Well, mahasiswa semester 4! Bagi gue, Fadhli dan Nafar, menjadi mahasiswa semester 4 ini adalah hal yang keren. Gue bisa ngelewatin asrama putri jam 9 malem dan teriak-teriak ke arah para penjaga pintu neraka (baca: asrama) yang bersiap menerkam para “telat-ers kena jam malam” dengan pulpen dan kertas daftar telat yang sangat bodoh itu. “MASIH JAMAN JAM MALEM? HAHAHA” begitulah kira-kira kalimat yang sering kami teriakkan saat sengaja melewati asrama putri ketika menuju kost kami yang letaknya di dalam kampus. Memang terlihat bodoh, tetapi tidak rasional sekali jam malam ini, seakan menyatakan bahwa waktu malam adalah hanya didedikasikan untuk tidur di asrama; — atau belajar. Buat orang seperti gue, malam adalah waktu paling produktif untuk berkreasi. Contohnya ini, ngeblog. Walau ngalor ngidul.

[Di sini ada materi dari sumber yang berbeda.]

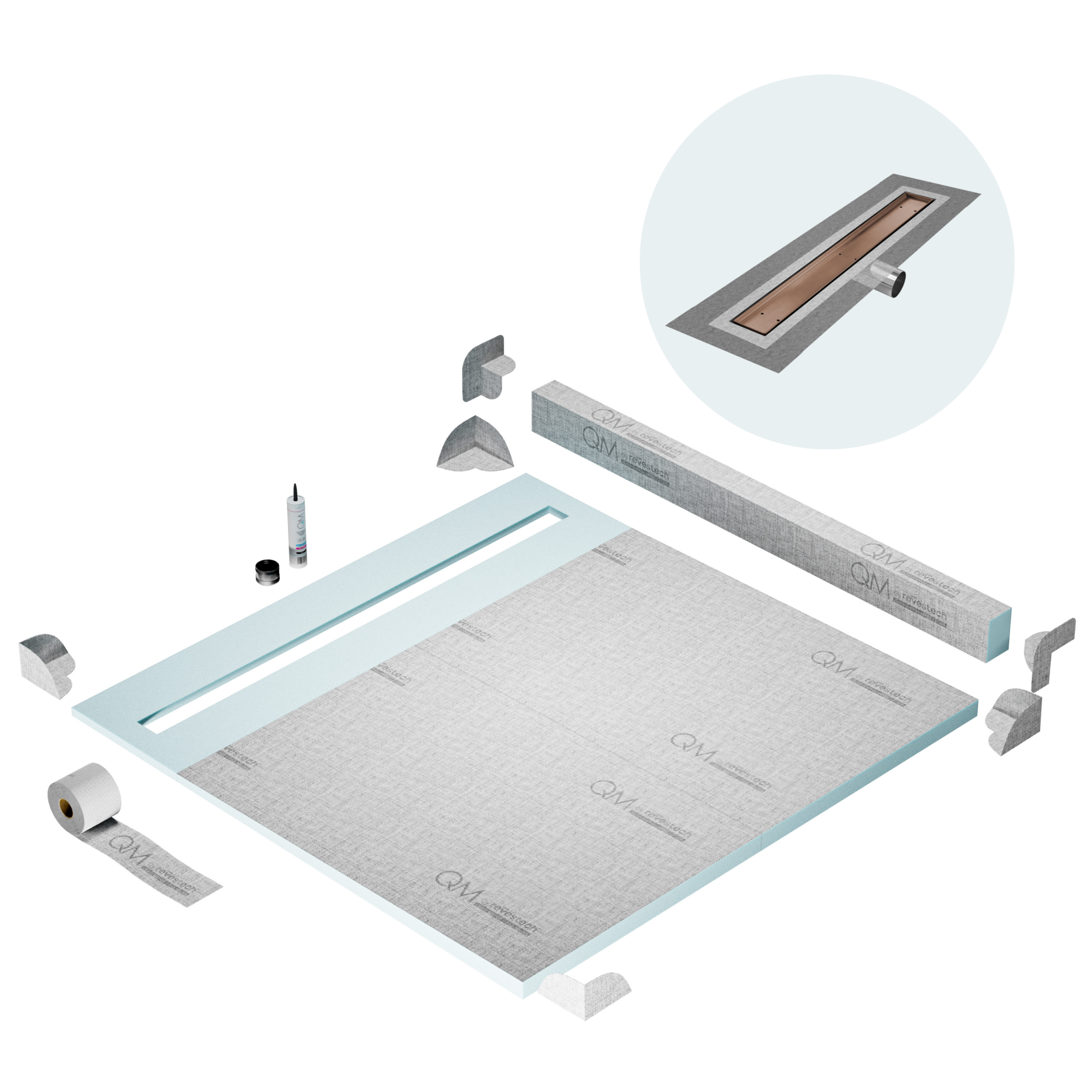 Committed to sustainable construction, avoiding environmental impact, and ensuring a healthy environment. QM shower pan and waterproofing membranes are 100% recyclable.

Kelakuan di semester 4 ini seakan membawa gue ke tingkat yang lebih dewasa, walaupun gue belum pernah lihat majalah dewasa. Bagaimana cara menyikapi keadaan ketika kamu berada dalam posisi terkucilkan (atau biasa disebut dengan minoritas; non warga). Perendahan harga diri oleh seorang senior. Hanya karena tidak mengikuti berbagai acara wajib untuk para junior. Semester 4 gue dihadapkan dengan kondisi sangat gila, up and down, serong kiri dan kanan, bahkan gue bisa disebut lebih alay karena galau masalah ini terus di twitter dibanding dengan alay SMP atau SMA yang galau karena cinta. Sampai teman SMA yang kebetulan 1 kampus heran dengan keadaan gue yang seperti kaum separatis kampus, tapi sayangnya gue tidak seperti itu. Kebebasan seperti masa SMA,seakan hilang dengan menghilangnya gue dari blog ini. Ingin bercerita, tapi pada siapa?

Cukup galau-galaunya, karena banyak hal positif yang didapat dari semester ini.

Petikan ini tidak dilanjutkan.